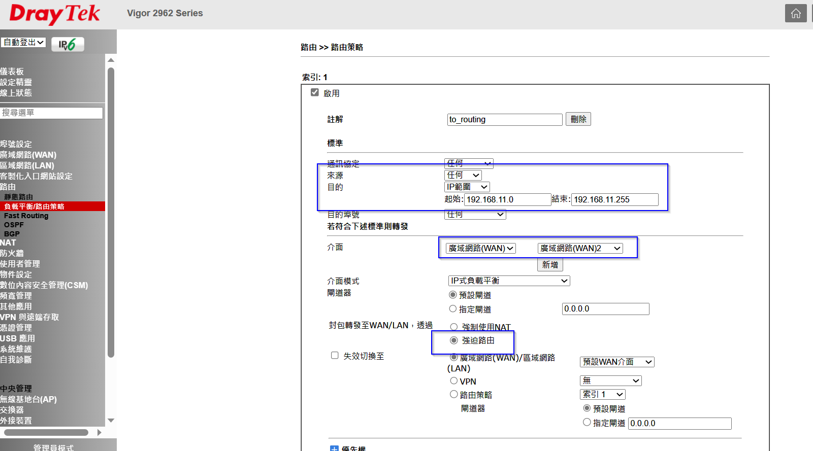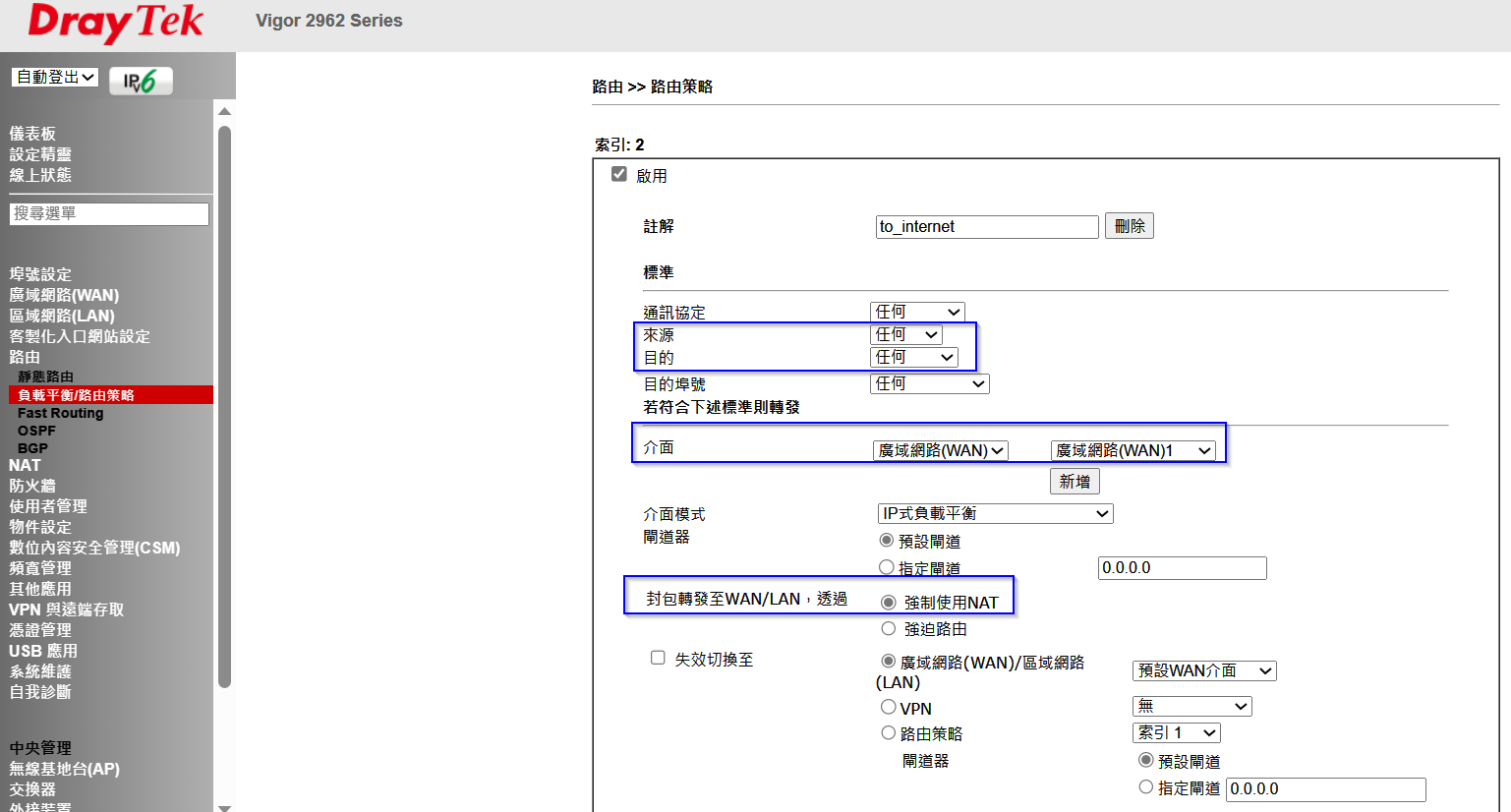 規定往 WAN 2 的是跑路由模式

---

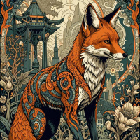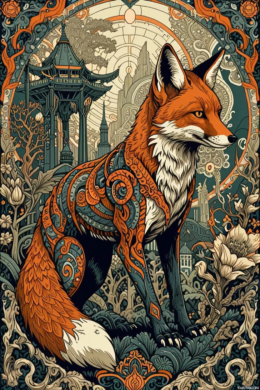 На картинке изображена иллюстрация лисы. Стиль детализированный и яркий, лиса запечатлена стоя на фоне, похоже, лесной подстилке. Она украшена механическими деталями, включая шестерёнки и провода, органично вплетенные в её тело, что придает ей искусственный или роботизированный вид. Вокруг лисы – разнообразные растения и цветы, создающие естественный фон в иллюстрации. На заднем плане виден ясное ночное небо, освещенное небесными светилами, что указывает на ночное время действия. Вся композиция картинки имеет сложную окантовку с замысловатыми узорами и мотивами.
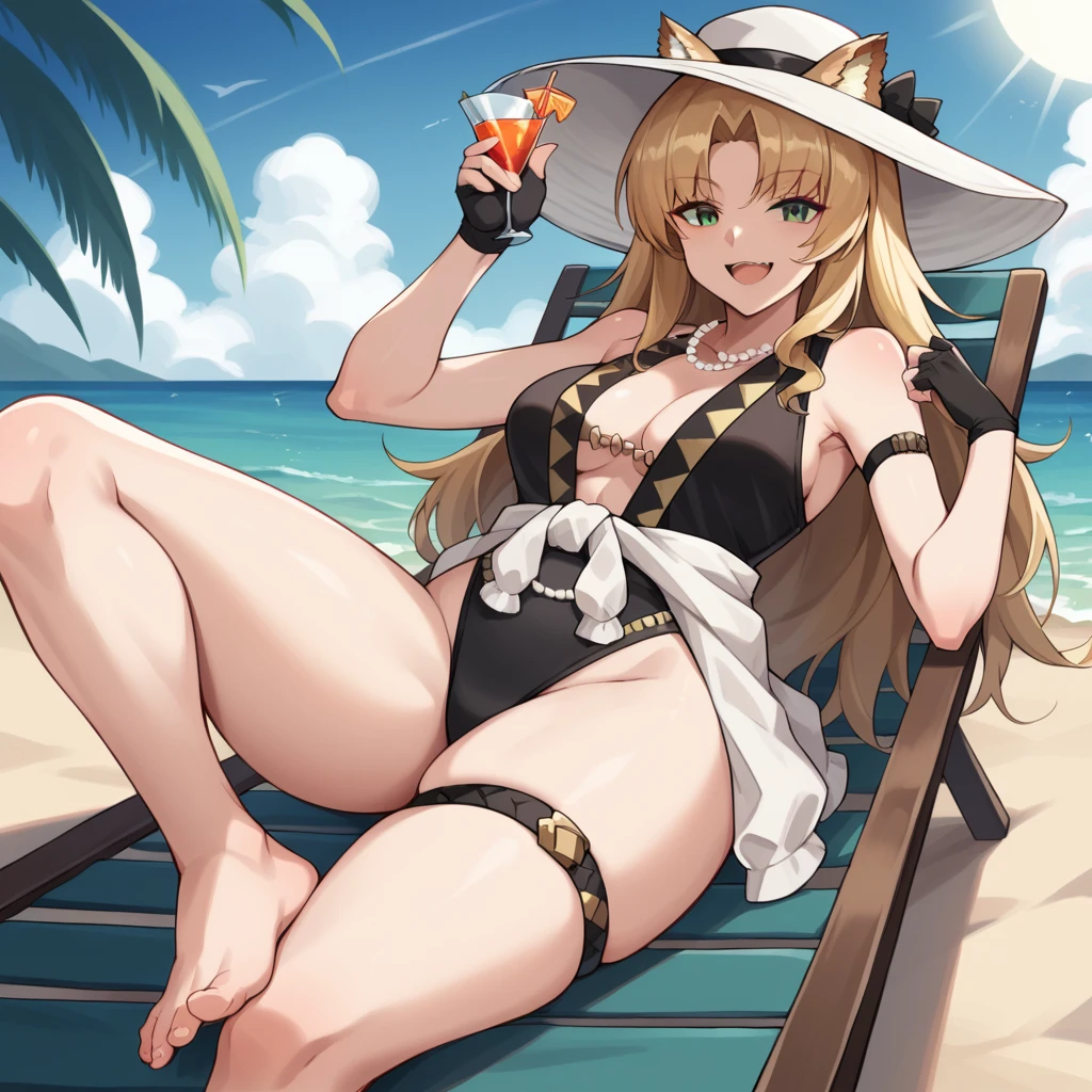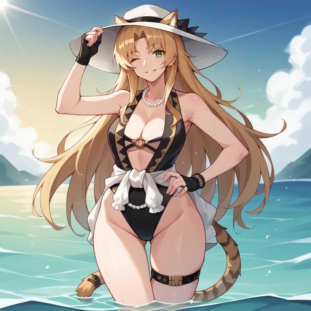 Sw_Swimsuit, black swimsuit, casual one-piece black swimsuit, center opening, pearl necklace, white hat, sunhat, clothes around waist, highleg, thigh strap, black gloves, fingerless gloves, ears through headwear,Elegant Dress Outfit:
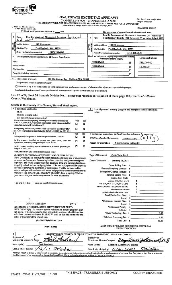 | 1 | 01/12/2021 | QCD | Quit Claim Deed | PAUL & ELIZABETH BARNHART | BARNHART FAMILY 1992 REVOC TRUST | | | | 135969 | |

### Your objective:
Within the listing above, the stretch from the line with "Sw_Swimsuit, black swimsuit, casual" down to the line with "TRUST | | | | 135969 | |" is to be given again exactly, end lines included and pictures excluded.

### Your solution:
 Sw_Swimsuit, black swimsuit, casual one-piece black swimsuit, center opening, pearl necklace, white hat, sunhat, clothes around waist, highleg, thigh strap, black gloves, fingerless gloves, ears through headwear,Elegant Dress Outfit:
 | 1 | 01/12/2021 | QCD | Quit Claim Deed | PAUL & ELIZABETH BARNHART | BARNHART FAMILY 1992 REVOC TRUST | | | | 135969 | |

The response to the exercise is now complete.